RECORD EXCERPTS START

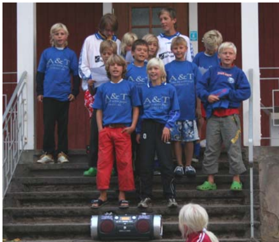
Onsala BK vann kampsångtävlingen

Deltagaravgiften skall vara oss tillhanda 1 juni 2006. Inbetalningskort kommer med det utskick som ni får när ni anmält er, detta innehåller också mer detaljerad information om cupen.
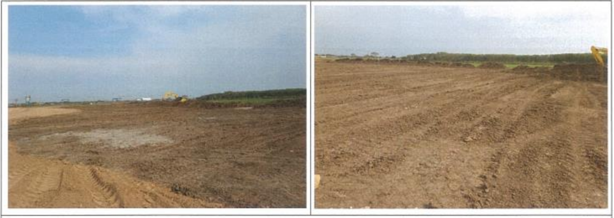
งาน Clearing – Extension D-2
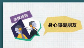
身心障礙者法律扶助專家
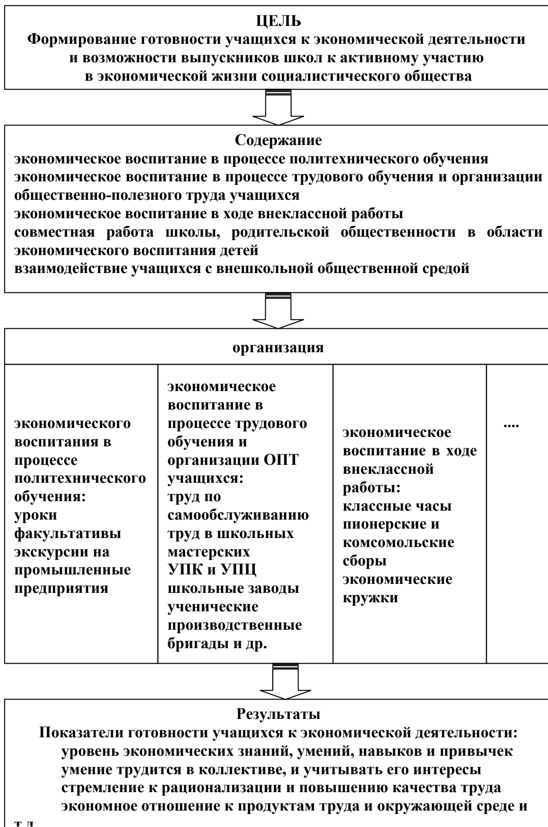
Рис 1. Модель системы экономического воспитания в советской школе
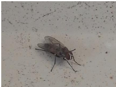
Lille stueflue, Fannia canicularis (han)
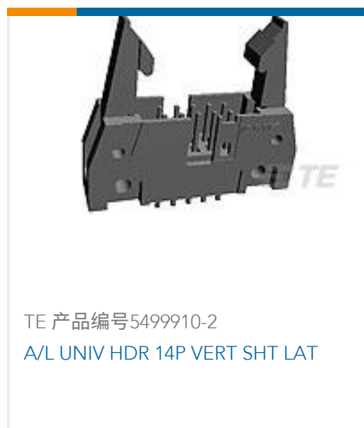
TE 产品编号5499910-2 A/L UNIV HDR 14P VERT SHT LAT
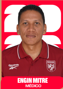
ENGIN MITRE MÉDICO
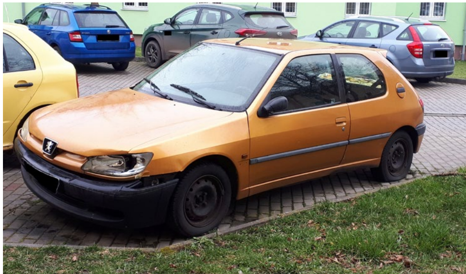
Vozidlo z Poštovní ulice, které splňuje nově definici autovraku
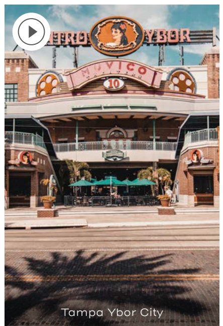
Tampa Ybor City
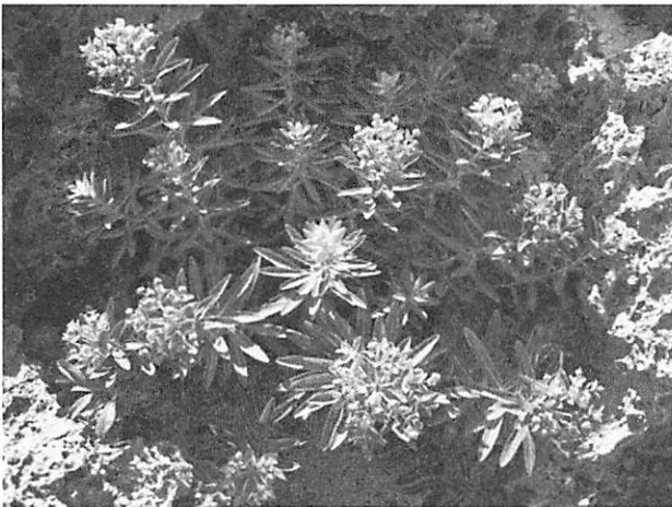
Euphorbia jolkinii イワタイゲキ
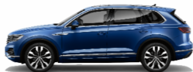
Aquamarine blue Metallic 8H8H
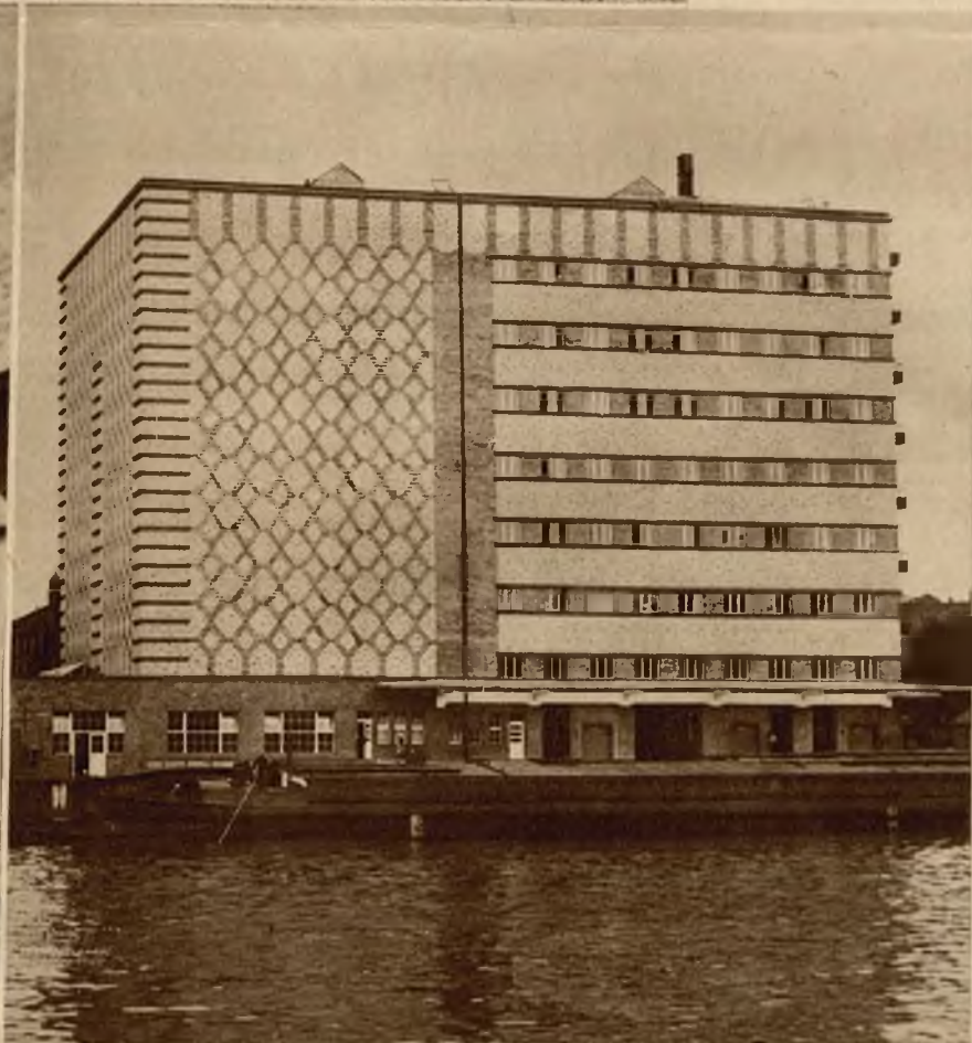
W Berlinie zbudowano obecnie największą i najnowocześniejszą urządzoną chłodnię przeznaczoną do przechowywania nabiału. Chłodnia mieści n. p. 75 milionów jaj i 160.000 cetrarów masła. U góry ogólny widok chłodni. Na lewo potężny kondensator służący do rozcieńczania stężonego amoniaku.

RECORD EXCERPTS END
RECORD EXCERPTS START

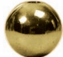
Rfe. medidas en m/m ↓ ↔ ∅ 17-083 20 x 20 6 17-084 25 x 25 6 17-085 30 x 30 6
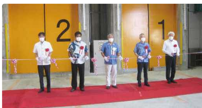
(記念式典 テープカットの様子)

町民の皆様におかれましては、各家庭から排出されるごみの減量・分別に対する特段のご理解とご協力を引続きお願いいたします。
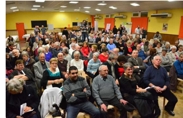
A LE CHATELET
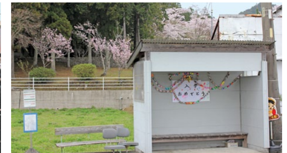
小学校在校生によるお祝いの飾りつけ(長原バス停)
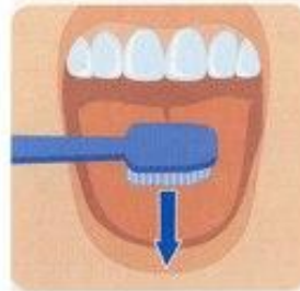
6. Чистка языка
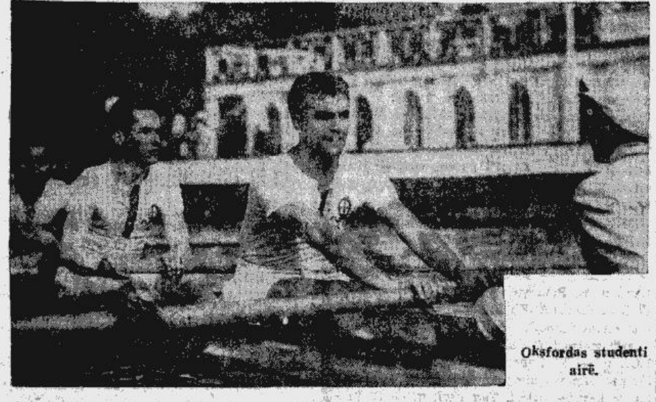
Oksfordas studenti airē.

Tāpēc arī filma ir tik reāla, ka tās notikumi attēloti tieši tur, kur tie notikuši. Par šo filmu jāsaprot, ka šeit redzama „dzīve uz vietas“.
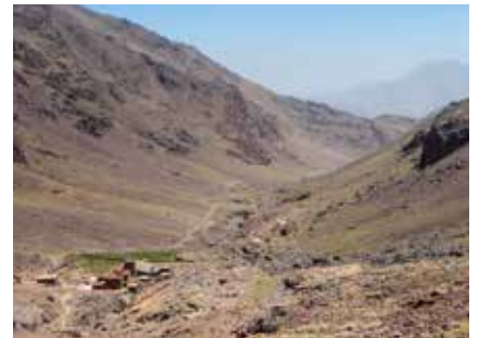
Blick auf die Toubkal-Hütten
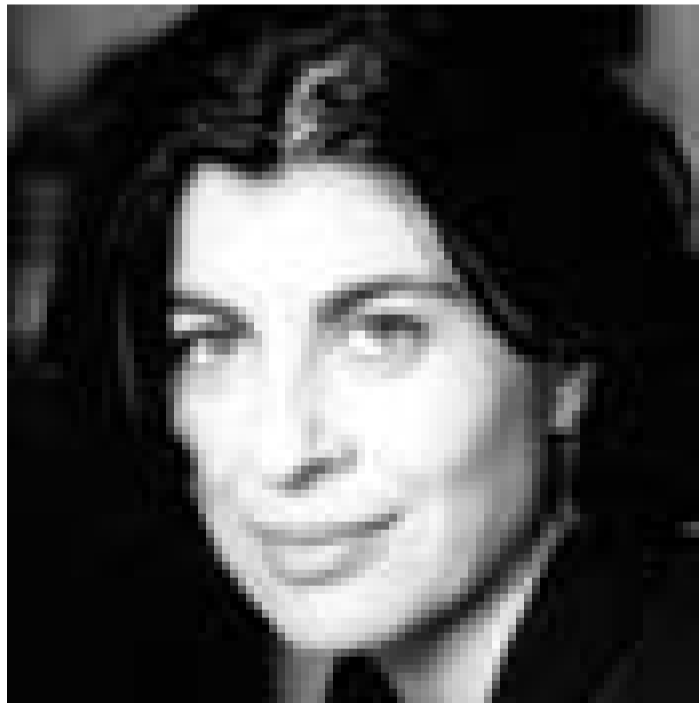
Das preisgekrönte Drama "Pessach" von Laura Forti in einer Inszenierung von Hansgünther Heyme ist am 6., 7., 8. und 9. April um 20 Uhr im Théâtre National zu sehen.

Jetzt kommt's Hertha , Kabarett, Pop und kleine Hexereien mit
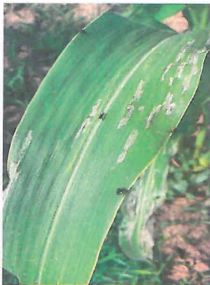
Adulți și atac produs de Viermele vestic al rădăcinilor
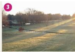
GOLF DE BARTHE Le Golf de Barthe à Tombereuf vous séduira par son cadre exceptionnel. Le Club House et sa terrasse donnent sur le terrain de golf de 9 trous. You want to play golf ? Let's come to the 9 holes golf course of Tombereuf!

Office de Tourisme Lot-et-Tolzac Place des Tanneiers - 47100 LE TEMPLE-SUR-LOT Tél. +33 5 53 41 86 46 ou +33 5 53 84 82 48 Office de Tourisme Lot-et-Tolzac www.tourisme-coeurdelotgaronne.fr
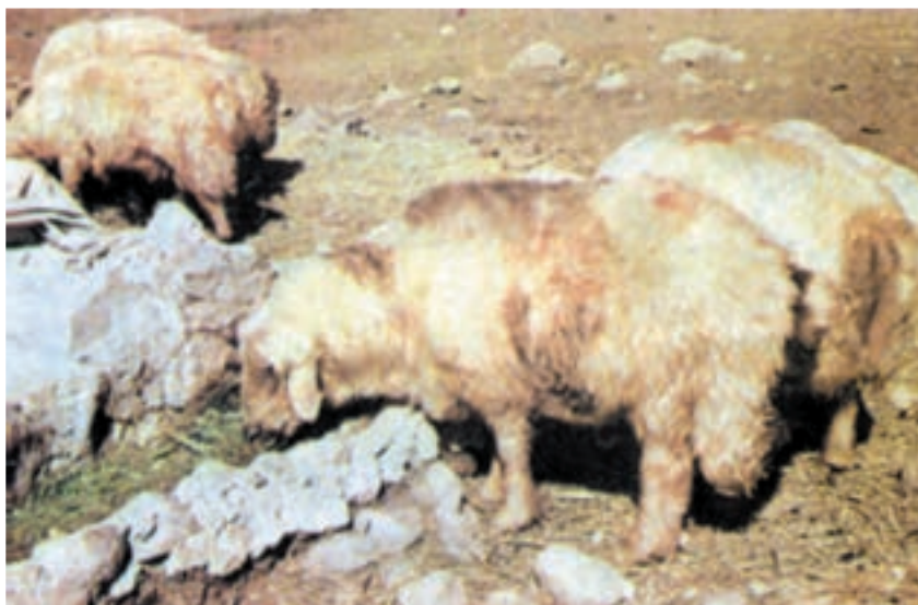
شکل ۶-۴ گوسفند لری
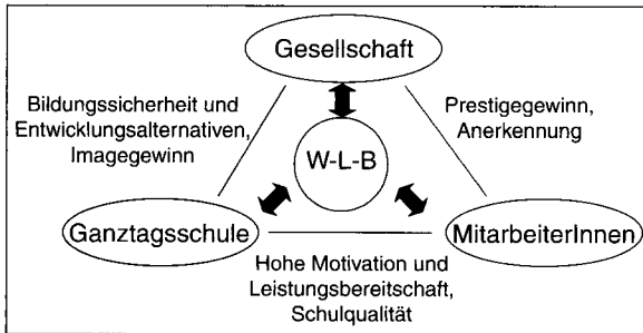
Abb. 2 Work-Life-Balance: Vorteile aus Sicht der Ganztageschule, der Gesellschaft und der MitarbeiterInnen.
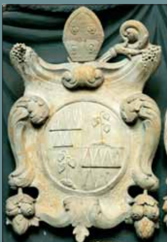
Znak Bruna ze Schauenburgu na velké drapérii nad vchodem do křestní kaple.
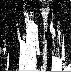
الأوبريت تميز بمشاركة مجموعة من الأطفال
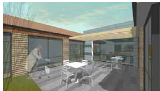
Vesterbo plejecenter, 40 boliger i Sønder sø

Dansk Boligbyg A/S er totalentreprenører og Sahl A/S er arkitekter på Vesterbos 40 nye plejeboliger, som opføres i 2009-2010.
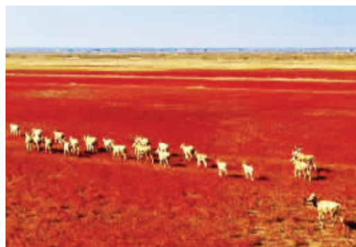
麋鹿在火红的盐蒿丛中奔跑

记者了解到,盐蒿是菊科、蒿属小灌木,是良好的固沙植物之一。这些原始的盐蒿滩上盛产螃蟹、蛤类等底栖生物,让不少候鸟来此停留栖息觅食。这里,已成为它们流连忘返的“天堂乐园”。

RECORD EXCERPTS END

● **WORK ITEM**: Your output should be the lines above from the one that contains "(記念式典 テープカットの様子)" through the one that contains "Jetzt kommt's Hertha", word for word, with pictures left out.

● **SOLUTION**:
(記念式典 テープカットの様子)

町民の皆様におかれましては、各家庭から排出されるごみの減量・分別に対する特段のご理解とご協力を引続きお願いいたします。
A LE CHATELET
小学校在校生によるお祝いの飾りつけ(長原バス停)
6. Чистка языка
Oksfordas studenti airē.

Tāpēc arī filma ir tik reāla, ka tās notikumi attēloti tieši tur, kur tie notikuši. Par šo filmu jāsaprot, ka šeit redzama „dzīve uz vietas“.
Blick auf die Toubkal-Hütten
Das preisgekrönte Drama "Pessach" von Laura Forti in einer Inszenierung von Hansgünther Heyme ist am 6., 7., 8. und 9. April um 20 Uhr im Théâtre National zu sehen.

Jetzt kommt's Hertha , Kabarett, Pop und kleine Hexereien mit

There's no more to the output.